To move appreciably higher, Jazz needs to get Xyrem (or JZP-6 or Rekinla, whatever the company chooses to call the drug) approved for fibromyalgia. Obviously, that goal became more muddled after the disappointing FDA advisory panel vote -- a 20-2 lashing against approval.

The optics of the vote look bad and were not what I was expecting, but approval is attainable if the FDA has a clear head and looks beyond the hysterics and misstatements made by some of the more vocal experts on the panel. An approval of Xyrem for fibromyalgia is not going to lead to 55-gallon drums of the "date rape" drug GHB flowing through the streets of Middle America, as one of the panel members claimed.

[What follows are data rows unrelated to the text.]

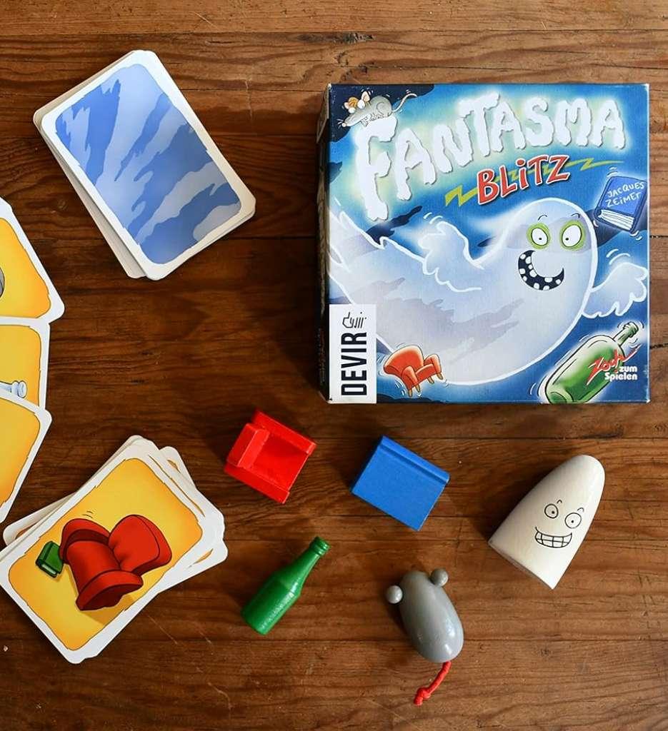 En Fantasma Blitz, la mesa se convierte en un campo de batalla de reflejos ⚡👀. Cinco objetos —un fantasma blanco, una botella verde, un sillón rojo, un libro azul 📚 y un ratón gris 🐭— esperan en el centro.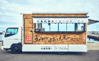 そして、城島さんとは、日本全国の方からご応募いただいた熱い想いに応え、「手づくり・できたてのおいしさ」がつまった丸亀製麺のうどんを、キッチンカー「笑顔うどん号 にこまる」で各地を巡り、想い出の一杯をふ るまい、皆さまに笑顔をお届けする「キッチンカープロジェクト」を実施しています。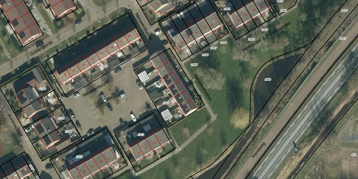 Het perceel waarop Nieuwenhuizen 8 staat heeft een oppervlakte van 884 m². Dit is een groot perceel. De perceeloppervlakte wordt geregistreerd door het Kadaster. Gedetailleerde informatie over de maten van dit perceel kunt u vinden in het rapport Kadastrale kaart met maatvoering van Nieuwenhuizen 8.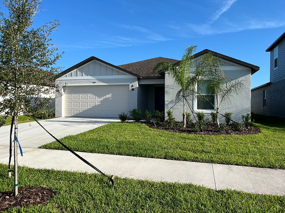 Brand new single-story home shares an open layout between the kitchen, dining area and family room for easy entertaining. A luxe owner's suite is in the rear of the home and comes complete with an en-suite bathroom and walk-in closet. There are three secondary bedrooms at the front of the home, ideal for overnight guests or residents needing additional privacy, as well as a flex space that can transform to meet the household's needs.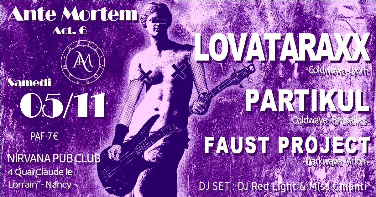 Deux dj sets coldwave, post punk, darkwave, batcave viendront clôturer cette soirée avec DJ Red Light et Miss Chianti.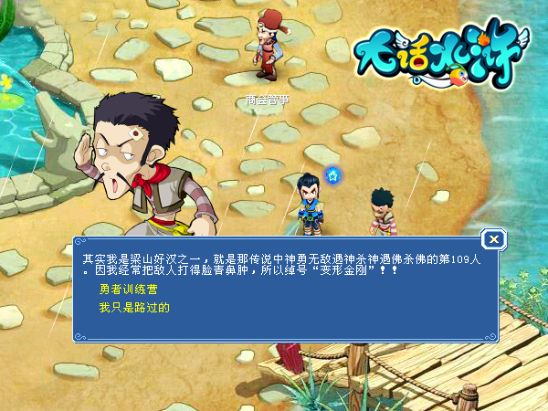 NPC:其实我是梁山好汉之一,就是那传说中神勇无敌遇神杀神遇佛杀佛的第109人。因我经常把敌人打得鼻青脸肿,所以绰号"变形金刚"!!
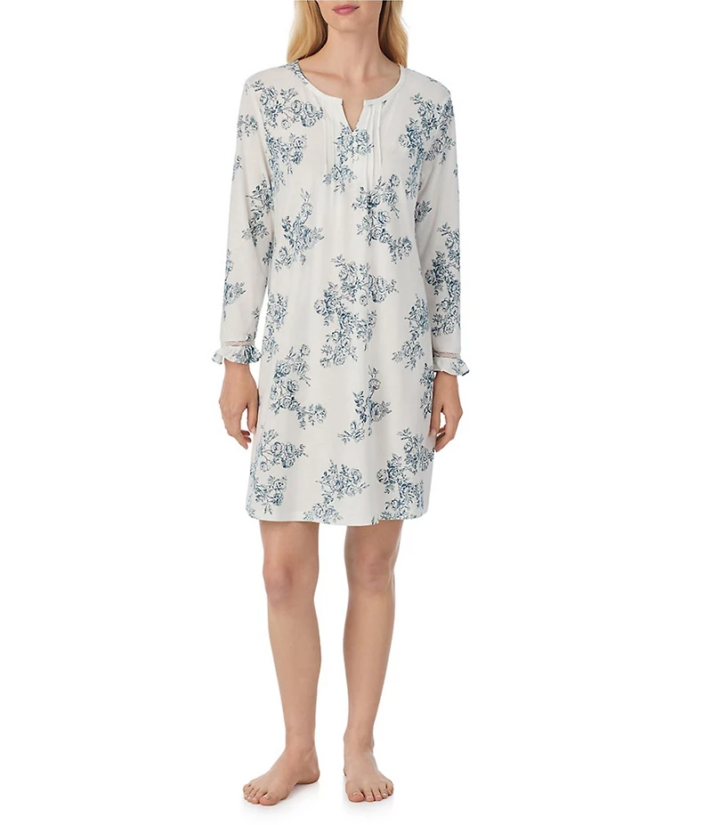 Lauren Ralph Lauren Floral Print 3/4 Sleeve Split Neck Knit Nightgown
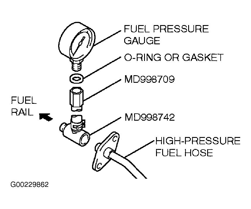 Home >> Mitsubishi >> 2003 >> Eclipse GTS, Standard >> Repair and Diagnosis >> Engine Performance >> System >> Engine Controls - Basic Diagnostic Procedures >> Fuel System >> Fuel Pressure >> Using Fuel Pressure Gauge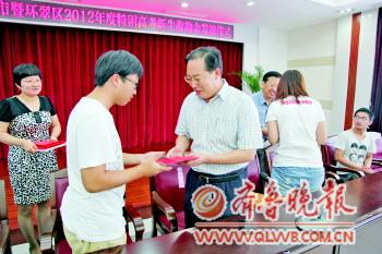25日上午,威海市暨環翠區2012年度特困高考新生救助金發放儀式舉行,來自環翠區的40名受助學生代表,分別領取了3000元至4000元不等的助學金。據悉,今年的特困高考新生救助活動中,威海市共發放助學金335.5萬元,惠及特困高考新生906名。 圖為威海市有關領導為受助困難學子發放獎學金。 本報記者 許君麗 本報通訊員 林偉強 攝影報道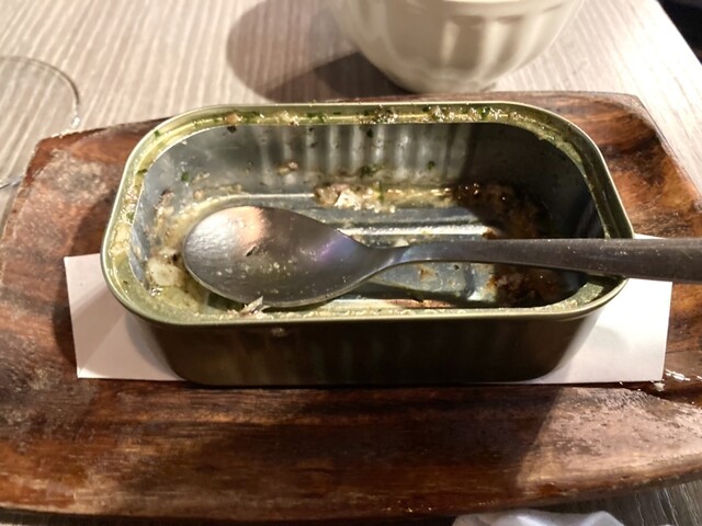アヒージョも美味くて、いつも オイルサーディン缶詰にバゲットをつけて食べます、濃いめの味に舌鼓、最高です♪
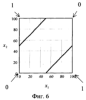 Из фиг.5-7 видно, что при x1=х2 (или х1 x2) нейрон на выходе будет давать нуль, а при х1 х2 – единицу. Таким образом, отделяя нулевые входные значения от единичных на плоскости Ox1x2 в отличие от прототипа не одной, а двумя прямыми, нейроном реализуется логическая функция неравнозначности.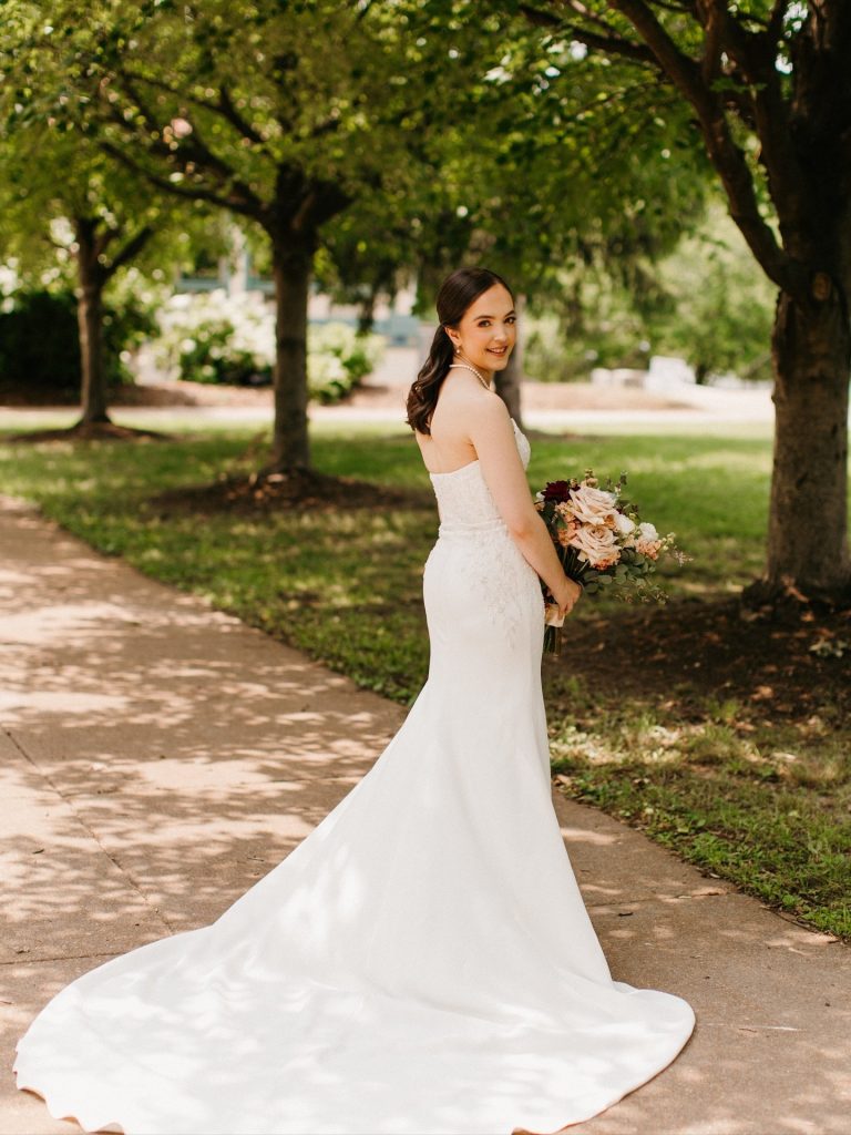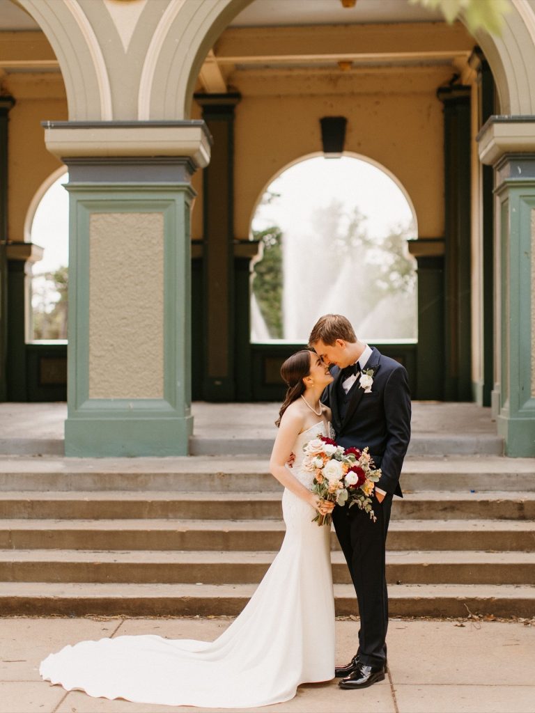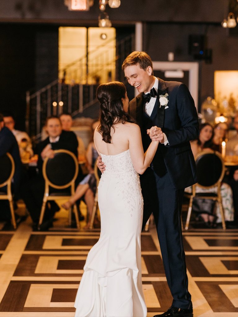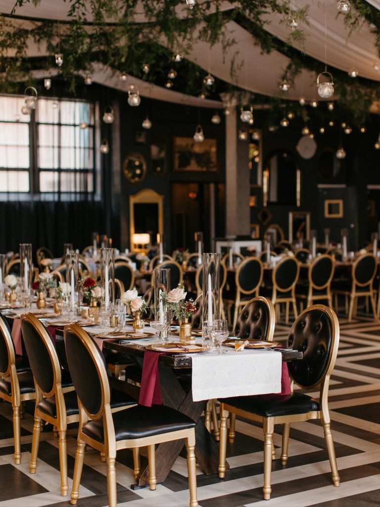 Maddie and Logan brought the outdoor garden party vibes indoor with this beautiful reception held at The Leona. We love the moody feel of this spring wedding. The wedding featured stunning burgundy and peach florals and a personalized bookcase at the reception. Congrats to the beautiful couple!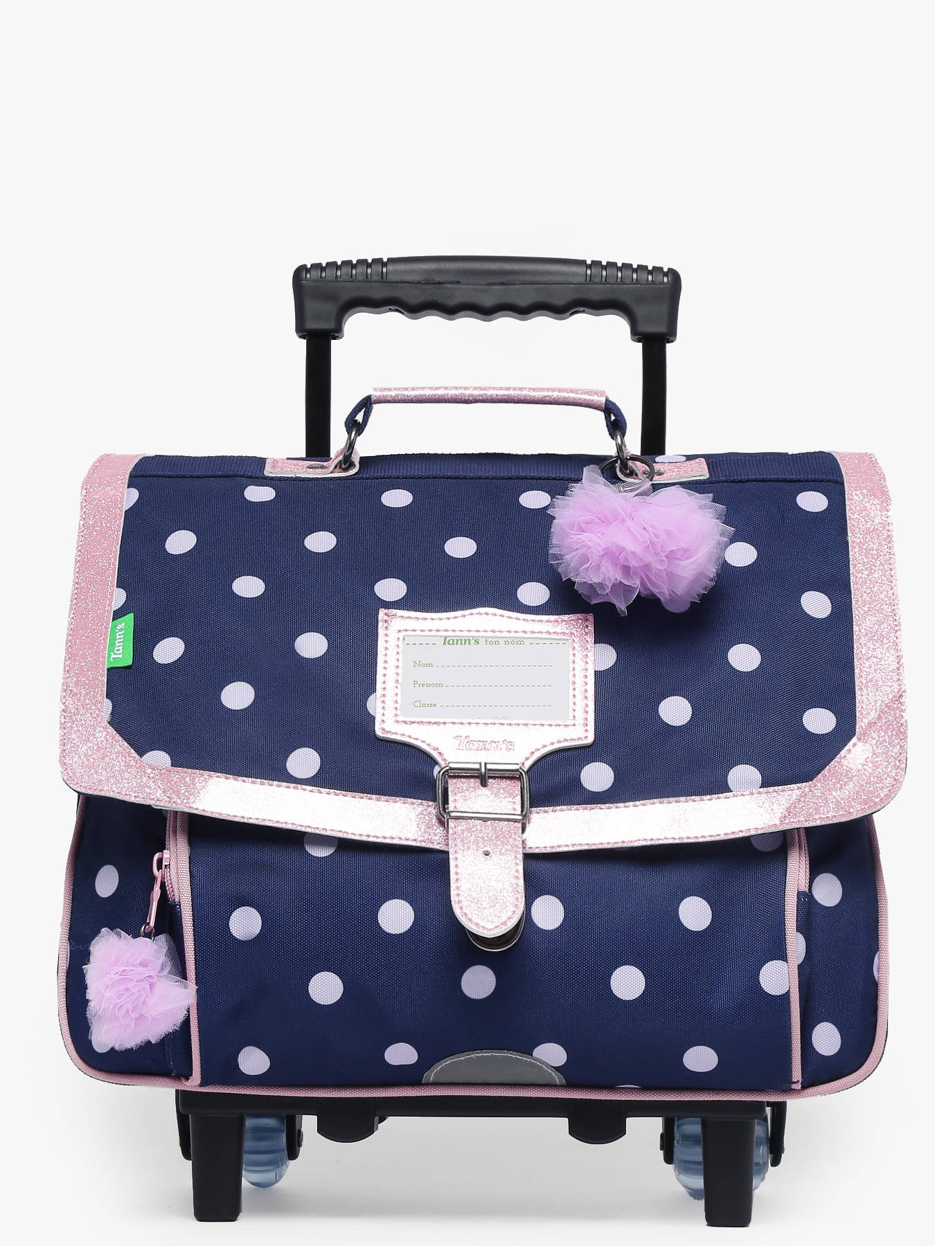 38 cm - 14 liter - 2.1 kg ~ Deze trolley met 2 vakken van het merk TANN’S, gemaakt van gerecycled polyester, combineert gebruiksgemak en comfort voor leerlingen van groep 3, 4 en 5 of voor leerlingen vanaf het eerste leerjaar. De flap met sluiting beschermt de inhoud optimaal. Deze tas biedt veel opbergruimte met twee vakken geschikt voor A4-mappen, schriften tot 24x32 cm en A4-ordners. Een binnenvak met rits zorgt voor veilige opslag van kleine spullen, terwijl een voorvak snelle toegang tot essentiële spullen biedt. Lichtgewicht en uitgerust met verstelbare schouderbanden, kan deze tas comfortabel op de rug gedragen worden of gemakkelijk worden voortgetrokken met de handige wieltjes om de rug te ontlasten. Stevig, functioneel en milieuvriendelijk, begeleidt hij het kind stijlvol en zorgeloos door het schooljaar.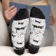 Perfect for any cat lover, these fun socks feature cute pattern of black and white cartoon cat images jumping across the surface. In addition to the jumping cats are cartoon cat faces. Everything is placed on a light grey background.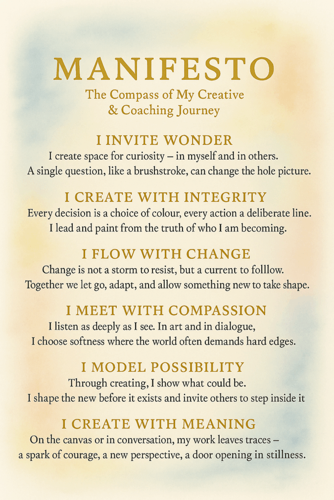 My creations live not only in galleries but also in reflection guides, coaching journeys, and leadership dialogues.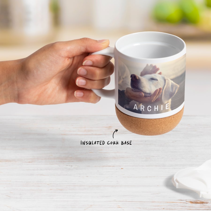 ✔ Premium ceramic with cork base ✔ Comfortable grip & surface protection ✔ Ideal for hot drinks ✔ Perfect for personalisation & gifting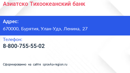 Азиатско-Тихоокеанский банк по адресу 670000, Бурятия, Улан-Удэ, Ленина, 27 в дальнейшем Организация, размещена в следующих категориях: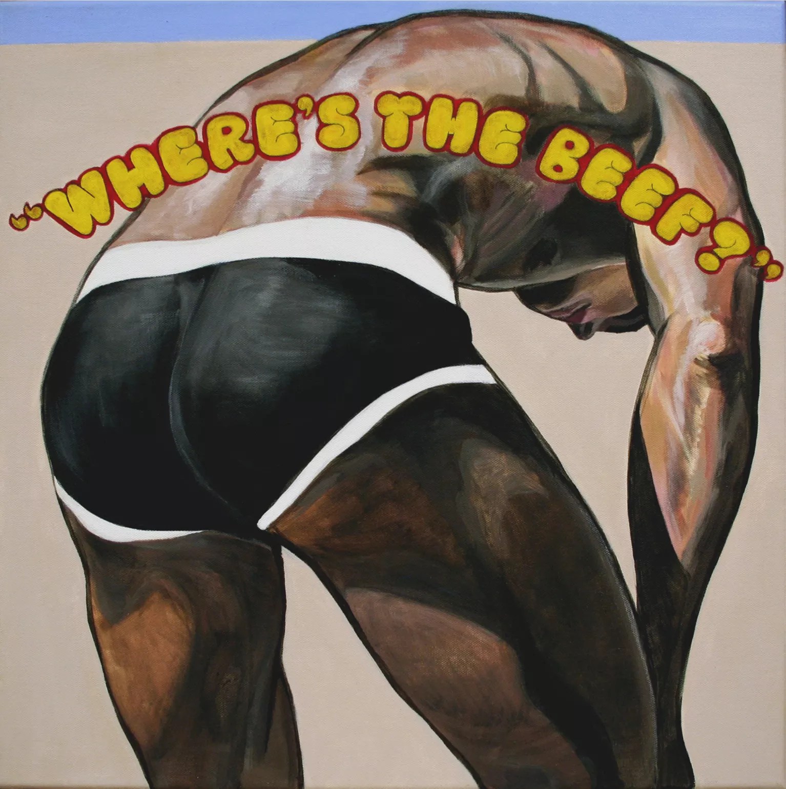 Painter Nicolas Glenn has also borrowed from pop art to create his tongue-in-cheek canvases. His pieces marry text and image, creating a painting suffused with strong and direct messaging. Often resembling a piece of advertisement, his paintings address the commercial exploitation of the body in the media.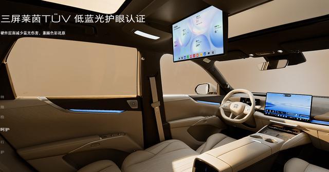 这款别克至境界E7真正的亮点在于内饰设计,车内采用了大量的米色内饰,看起来非常的温馨,别克GL8其实也是类似的设计。更为关键的是,娱乐系统真的非常丰富,15.6英寸的中控大屏,高通骁龙8775的芯片,还匹配了全液晶的行车电脑,50英寸的HUD数字抬头显示功能,甚至车内的流媒体内视镜同样匹配全面。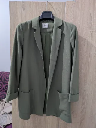Blazer elegante de color verde oliva. Un básico versátil para cualquier ocasión. - Diseño abierto. - Bolsillos frontales. - Puños enrollados.

Jazz miscalculated by proposing a separate and somewhat more liberal risk management plan and a different brand name for the fibromyalgia indication. That was a mistake and the FDA clearly wants changes, which Jazz should readily agree to. Use a single brand name for both the narcolepsy and fibromyalgia indications. Consolidate the risk management plans and if necessary, limit the number of specialty pharmacies that can distribute the drug.

The existing risk management plan for Xyrem in narcolepsy is highly restrictive (maybe the most restrictive) and it works. I don't see why a similar plan can't also work well for Xyrem in fibromyalgia.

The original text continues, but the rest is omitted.